What you need to do:
Each line below must be set down exactly; omit any image you find.

Supplied data:
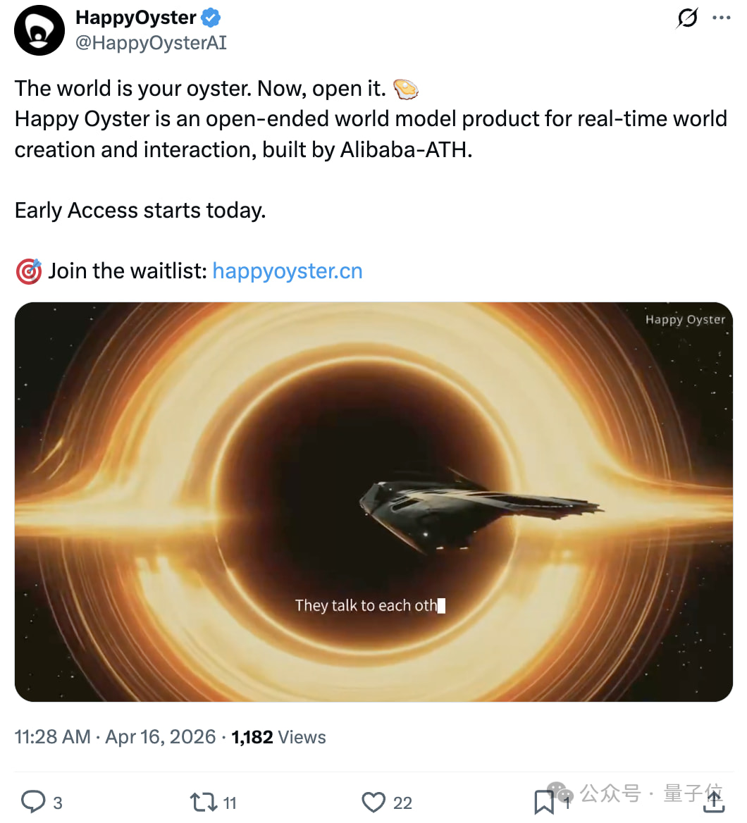 AI 世界模型赛道再迎重磅玩家!成立刚满一个月的阿里巴巴 ATH(Alibaba Token Hub)事业群,正式推出全球首个主动式实时交互世界模型 ——HappyOyster(快乐生蚝),凭借可漫游、可导演、可创造、可分享的沉浸式体验,彻底打破传统 AI 生成的 “第四面墙”。
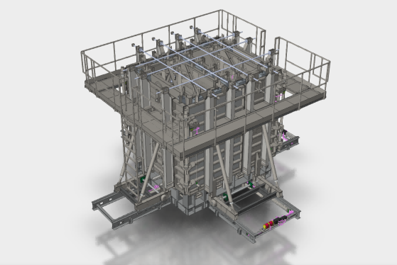 East Asia High-Rise Residential Project: This project adopted cantilever bracket formwork to meet building formwork needs. The system, lifted by tower cranes, allows simultaneous elevation of the formwork and brackets, ensuring fast, simple, and safe operation. With lower construction costs, it maintains high efficiency and strict cost control. Applicable to inner and outer walls, core shear walls, large columns, irregular columns, bridge piers, and silos, it provides a reliable formwork, support, and working platform solution for vertical concrete structures.
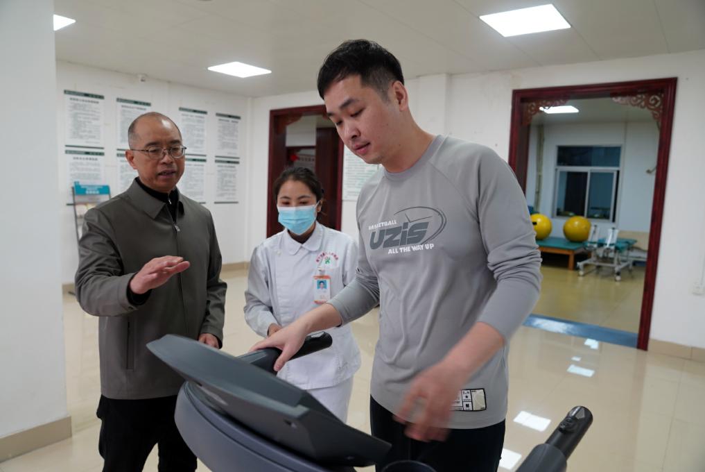 2月18日,韋軍在廣西南寧市西鄉(xiāng)塘區(qū)衡陽街道南鐵社區(qū)衛(wèi)生服務(wù)中心走訪,了解衛(wèi)生服務(wù)中心對群眾進(jìn)行運(yùn)動指導(dǎo)的情況。新華社記者 陳露緣 攝
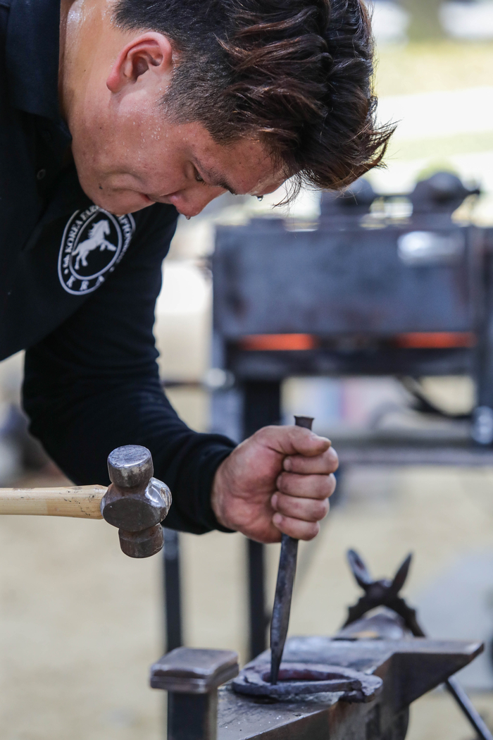 편자의 재료가 되는 쇠는 원래 ‘I’자형인데 이를 뜨거운 불에 달구어 경주마의 발굽에 맞게 구부리고 다듬어 발굽에 부착해야 한다. 뜨거운 화덕에서 갓 구워낸 쇠를 다루다 보니 현장 온도는 50도를 넘기기 일쑤다.
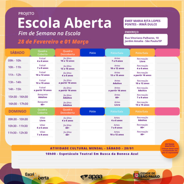 Confira a programação na EMEF – Maria Rita Lopes Pontes – Irmã Dulce, para o próximo fim de semana.

Written response:
 AI 世界模型赛道再迎重磅玩家!成立刚满一个月的阿里巴巴 ATH(Alibaba Token Hub)事业群,正式推出全球首个主动式实时交互世界模型 ——HappyOyster(快乐生蚝),凭借可漫游、可导演、可创造、可分享的沉浸式体验,彻底打破传统 AI 生成的 “第四面墙”。
 East Asia High-Rise Residential Project: This project adopted cantilever bracket formwork to meet building formwork needs. The system, lifted by tower cranes, allows simultaneous elevation of the formwork and brackets, ensuring fast, simple, and safe operation. With lower construction costs, it maintains high efficiency and strict cost control. Applicable to inner and outer walls, core shear walls, large columns, irregular columns, bridge piers, and silos, it provides a reliable formwork, support, and working platform solution for vertical concrete structures.
 2月18日,韋軍在廣西南寧市西鄉(xiāng)塘區(qū)衡陽街道南鐵社區(qū)衛(wèi)生服務(wù)中心走訪,了解衛(wèi)生服務(wù)中心對群眾進(jìn)行運(yùn)動指導(dǎo)的情況。新華社記者 陳露緣 攝
 편자의 재료가 되는 쇠는 원래 ‘I’자형인데 이를 뜨거운 불에 달구어 경주마의 발굽에 맞게 구부리고 다듬어 발굽에 부착해야 한다. 뜨거운 화덕에서 갓 구워낸 쇠를 다루다 보니 현장 온도는 50도를 넘기기 일쑤다.
 Confira a programação na EMEF – Maria Rita Lopes Pontes – Irmã Dulce, para o próximo fim de semana.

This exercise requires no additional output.